Records from a data collection
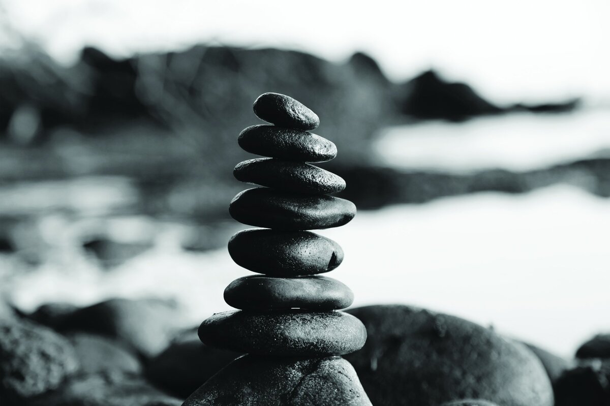 Fotobehang: Zwarte en witte kiezels tegen de achtergrond van de zee
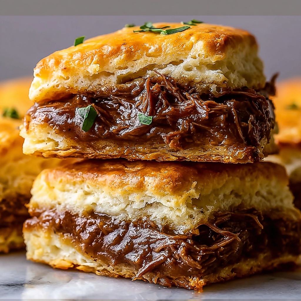 Consider serving with a crisp mixed green salad or some roasted vegetables for a fresh balance. Crispy fries or classic potato chips also pair wonderfully, adding a satisfying texture alongside the soft biscuits and rich au jus.
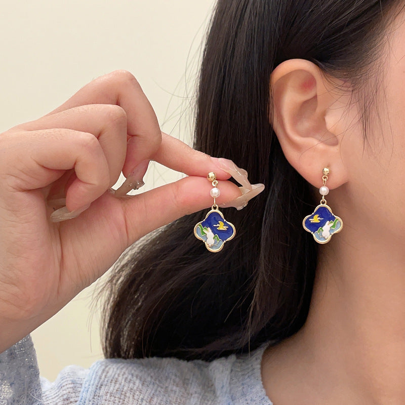 BA7723原創油畫風設計卡通兔子S925銀針耳釘2024.08.30
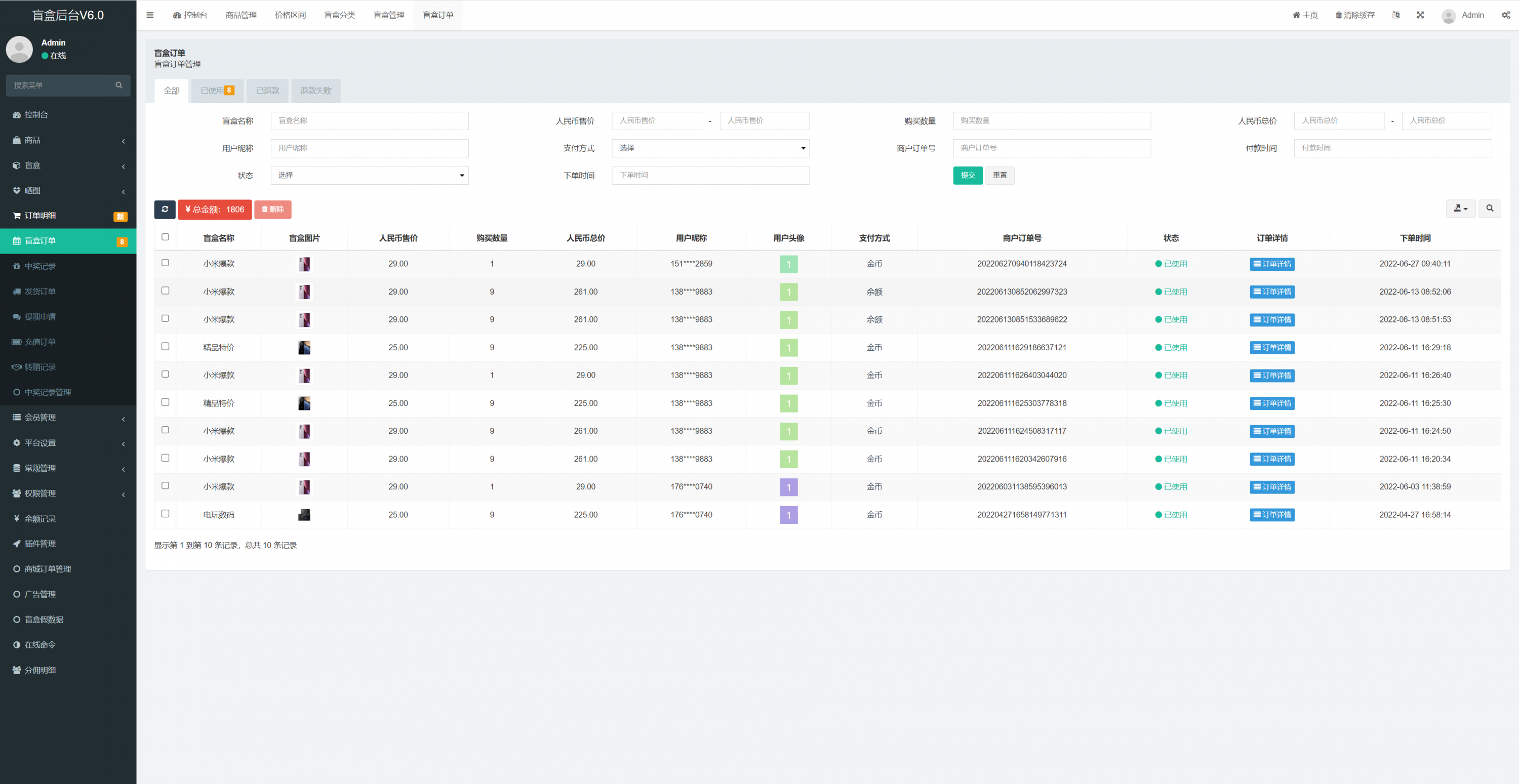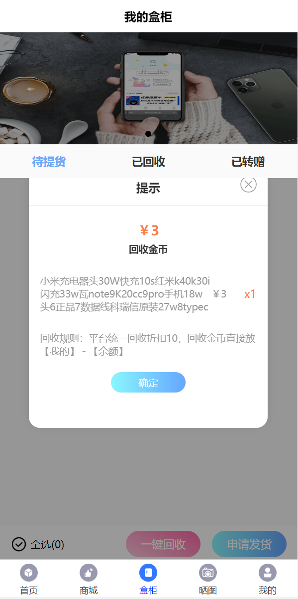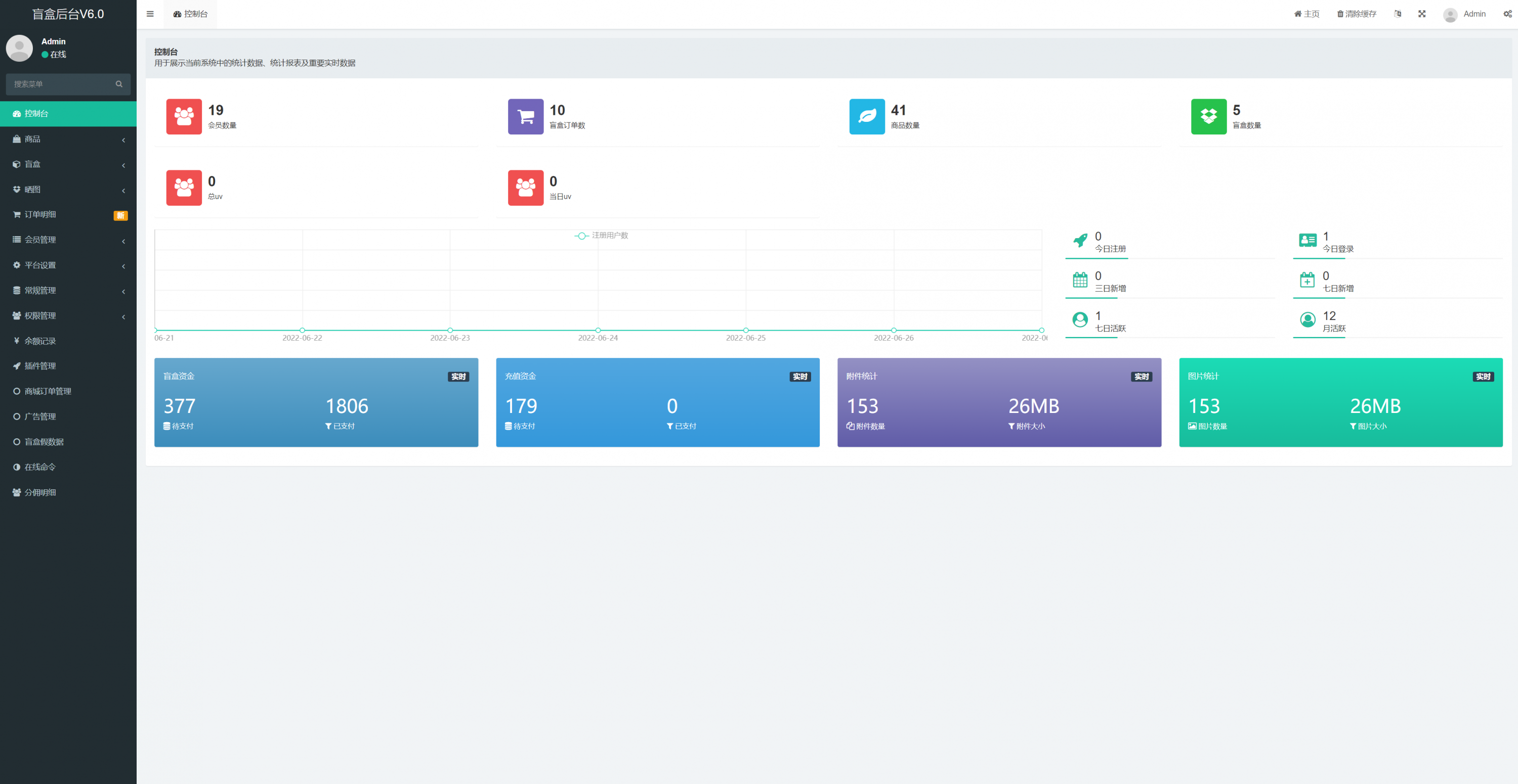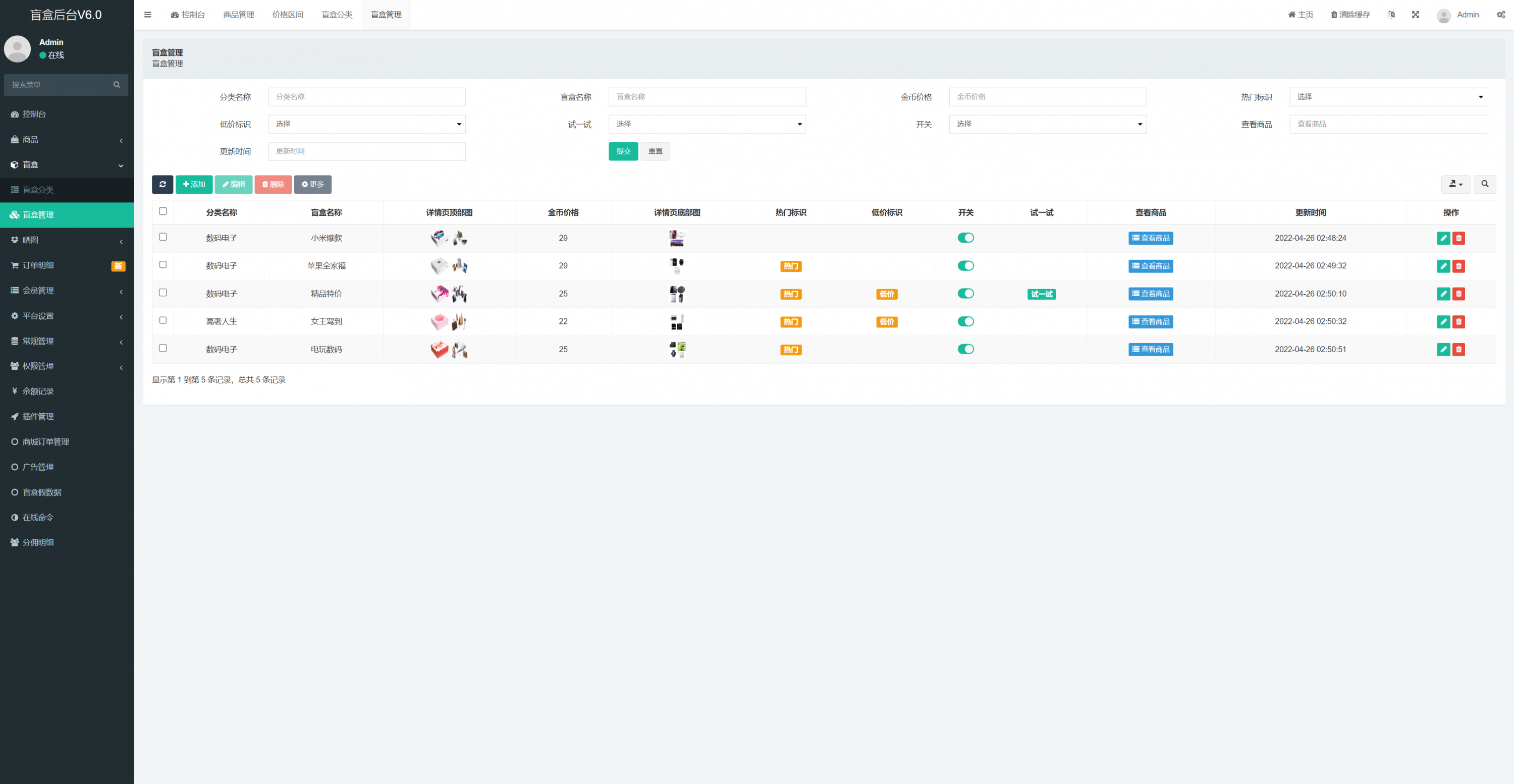admin 商城刷单 综合系统 盲盒V6.0/H5盲盒商城交易平台/盲盒抽奖系统 盲盒V6.0/H5盲盒商城交易平台/盲盒抽奖系统 盲盒商城V6.0更新 1.新增加商城功能:推荐改成商城,后台添加商品,可以用金币购买商品。 2.金币升值功能:满xx 金币数量,累计24小时增加xx 金币,按照后台百分比升值。 3.增加推广赠送金币,赠送金币数量可在后台设置 4.增加外部广告图片展示,可以后台设置跳转链接 5.余额增加提现功能,回收金额可以快速提现
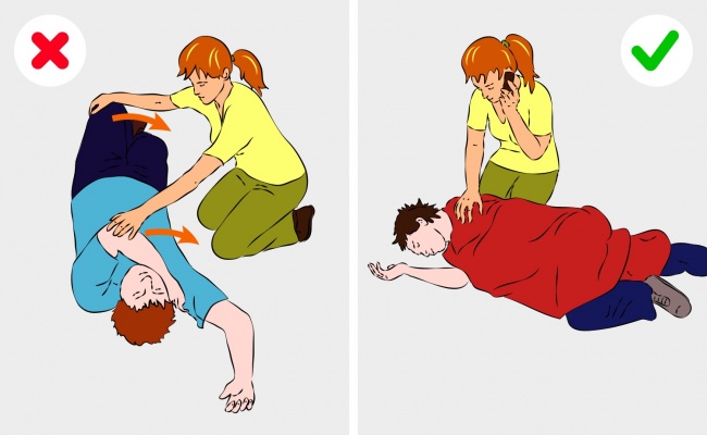 Цього робити ні в якому разі не можна, так як у потерпілого може бути пошкоджений хребет. Найменший рух при такій травмі може призвести до інвалідності або навіть смерті. У цій ситуації потрібно огородити місце події підручними предметами, щоб проїжджаючі автомобілі бачили перешкоду здалеку, і викликати швидку допомогу.
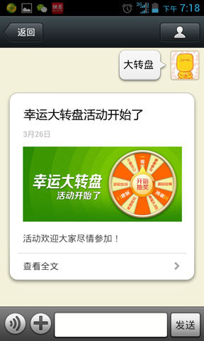 開啟此功能,直接發(fā)布幸運(yùn)大轉(zhuǎn)盤活動,設(shè)置活動內(nèi)容、獎項及中將比例,帶給粉絲完全不同的感受。 輸入"大轉(zhuǎn)盤"體驗此互動活動
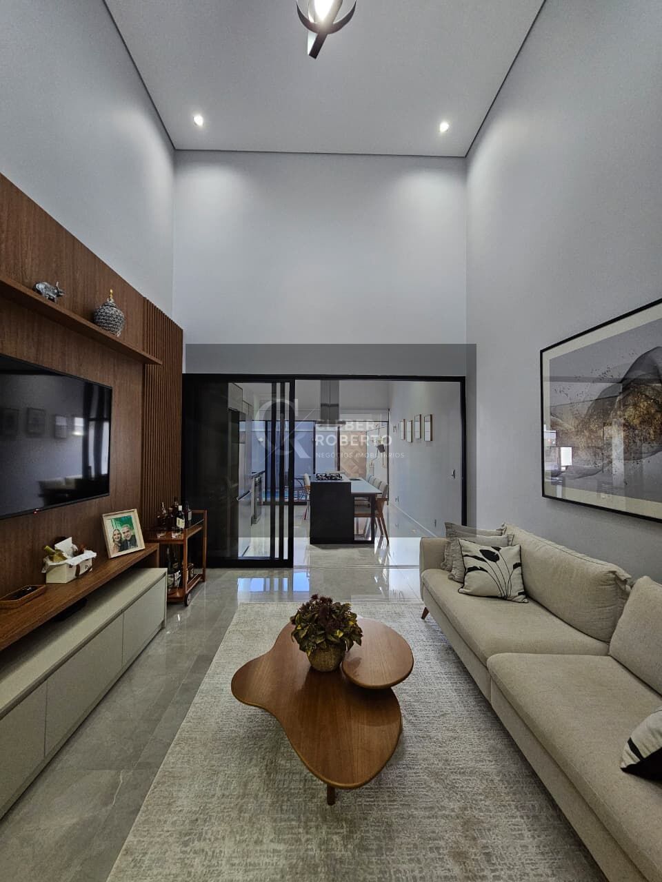 Sala de TV com pé direito alto, proporcionando excelente amplitude
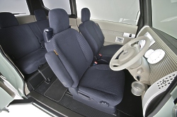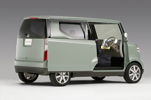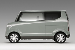 "Following the traditional Honda theme of 'man maximum, machine minimum,' the Step Bus seeks to create the largest possible interior with the smallest possible exterior," said John Mendel, senior vice president of American Honda Motor Co., Inc. "This innovative concept vehicle shows how large functionality can easily exist within small vehicle packages." The Step Bus Concept is a product of the Honda R&D Co., Ltd., Wako design center in Saitama prefecture, Japan. Purely a styling concept, the vehicle uses a mid-engine, rear wheel drive platform with a small displacement power plant. The 5-passenger interior features modular construction with a spacious interior. The modular construction is highlighted by tracks in the door that can hold beverage containers, cell phones and more. Advanced technology includes a next-generation navigation system. The tall body provides room for a ceiling-mounted storage tray. Painted in light green metallic, the body design embraces a bold vertical architecture style that creates a large presence within a small space. November 30, 2006
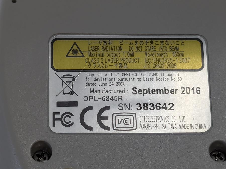 【美品】OPTICON OPL-6845R レーザスキャナ USB接続 抗菌仕様 (Opticon OPL-6845R Laser Barcode Scanner USB)
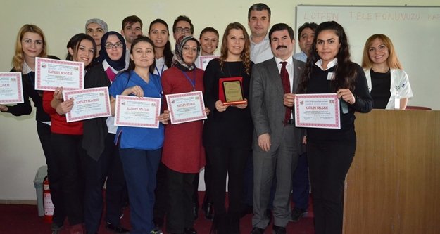 Eğitime katılan sağlık çalışanlarına sertifikaları takdim edildikten sonra, Özel Eğitim Alanı Öğretmeni Burcu Candan’a teşekkür amaçlı Başhekim Dr. Tevfik Yazan tarafından plaket verildi.
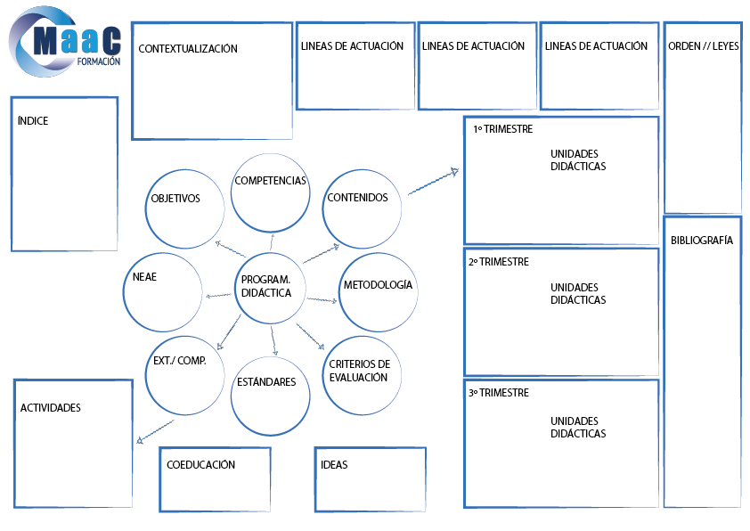 Lo más importante, es conseguir una buena organización espacial, y que todas sus partes estén equilibradas. Siempre deben estar adaptadas a tu especialidad y estilo, contar con tu sello personal, y estar muy relacionada con tu programación didáctica escrita.

▶ **EXERCISE GOAL**: Word for word, write out the lines above running from the one with "admin 商城刷单 综合系统" up to and including the one with "Sala de TV com". Drop any picture.

▶ **OUTPUT OF THE TASK**:
admin 商城刷单 综合系统 盲盒V6.0/H5盲盒商城交易平台/盲盒抽奖系统 盲盒V6.0/H5盲盒商城交易平台/盲盒抽奖系统 盲盒商城V6.0更新 1.新增加商城功能:推荐改成商城,后台添加商品,可以用金币购买商品。 2.金币升值功能:满xx 金币数量,累计24小时增加xx 金币,按照后台百分比升值。 3.增加推广赠送金币,赠送金币数量可在后台设置 4.增加外部广告图片展示,可以后台设置跳转链接 5.余额增加提现功能,回收金额可以快速提现
 Цього робити ні в якому разі не можна, так як у потерпілого може бути пошкоджений хребет. Найменший рух при такій травмі може призвести до інвалідності або навіть смерті. У цій ситуації потрібно огородити місце події підручними предметами, щоб проїжджаючі автомобілі бачили перешкоду здалеку, і викликати швидку допомогу.
 開啟此功能,直接發(fā)布幸運(yùn)大轉(zhuǎn)盤活動,設(shè)置活動內(nèi)容、獎項及中將比例,帶給粉絲完全不同的感受。 輸入"大轉(zhuǎn)盤"體驗此互動活動
 Sala de TV com pé direito alto, proporcionando excelente amplitude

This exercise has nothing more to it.